The Crusades would never recover from the defeat at Hattin, but dreams die slowly. When Saladin advanced on Jerusalem, took it with little loss of life on either side and magnanimously freed thousands of his prisoners, and released the King and his nobles on their parole never to bear arms again against him, Europe still entertained the hope that Jerusalem could be recaptured. William, Archbishop of Tyre, prevailed on the 67-year-old Holy Roman Emperor Frederick Barbarossa to take the field. He did, but never reached his goal, tragically drowning while fording a river in Asia Minor, with only a pitiful remnant of his army straggling into the Holy Land where the Christians, from their redoubts of Tyre, Antioch and Tripoli, supplied their army besieging the Muslims at Acre.

Luckier—for a time—was King Richard I of the Lion Heart. This Christian hero, one of the last of the fighting monarchs, matched his opponent Saladin in courage, zest for battle, courtliness, ruthlessness, and generalship. Together the two men gave to the world a rare vision of war in an age of chivalry, by men whose characters could be painted only in primary colors.

Richard set out on the Third Crusade in 1190 with his Normans—few Englishmen ever marched in the Crusades—in company with the French King Philip Augustus, at 23 only eight years his junior.

Richard captured Cyprus, gave it to the deposed King of Jerusalem, Guy de Lusignan, and joined the siege of Acre already 19 months old. A few weeks later the Muslims agreed to surrender; when they were slow to pay the ransom, Richard had 2,500 captives beheaded to hasten compliance.

Richard advanced from Acre as sole leader of the Crusade, Philip having fortuitously fallen ill and returned home, fought and won a battle at Arsuf. Now began a long series of inconclusive battles and skirmishes which served only to illustrate the chivalry of the leaders. During one battle Richard's horse was shot from under him; Saladin ordered a cease-fire while he sent him another. Richard, during a lull in the fighting, proposed to end the Crusades by a marital alliance of his sister Joan with Saladin's brother; the Church denounced the idea, and war went on. When Richard was felled by a fever, Saladin sent his personal physician, along with fresh fruits and cooling snow from the mountains. Alternately savage and suave, the leaders fought a frustrating war in which neither gained a clear advantage, and the restless Richard finally turned home- ward, vowing to return and recapture Jerusalem. A crossbowman's arrow put an end to Richard's resolve and his life in Aquitaine, in 1199. Already, one year after Richard's departure for Europe, Saladin had died, aged only 55. He left a legacy of one dinar, and the reputation for courage, wisdom and magnanimity.

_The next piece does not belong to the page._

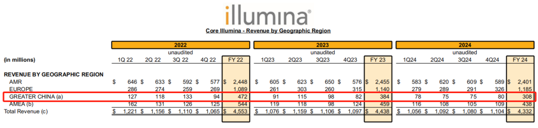 因美纳最新2024年财报显示,营收43.72亿美元(-2.9%)。核心测序部门全年净收入8.94亿美元。但由于计入了超过18.8亿美元的减值费用以及与去年剥离Grail公司相关的其他费用,公司全年合并净亏损达12.2亿美元。 中国作为其第二大市场,业绩已连续两年下滑:2023年-19%,2024年-20%。

None of these attributes can be applied to the Fourth Crusade, which was to begin within a decade following Saladin's death. Repeating the now-familiar excoriations of the Muslims, Pope Innocent III proclaimed the Fourth Crusade, but with a vital difference: having observed the folly of marching by land through an Asia Minor swarming with Turks, Innocent proposed a flanking movement against Jerusalem, using Egypt as a base. To capture Egypt first required a fleet, which Venice pretended willingness to provide. In fact, however, Egypt was Venice's valuable trading partner, and the island republic had no intention of losing this profitable connection. Instead, pocketing a rich bribe from Egypt for diverting the force—as usual, largely French—the Venetians conspired to used French arms against its own enemies, in one of the most cynical, not to mention most successful, coups in the history of power politics.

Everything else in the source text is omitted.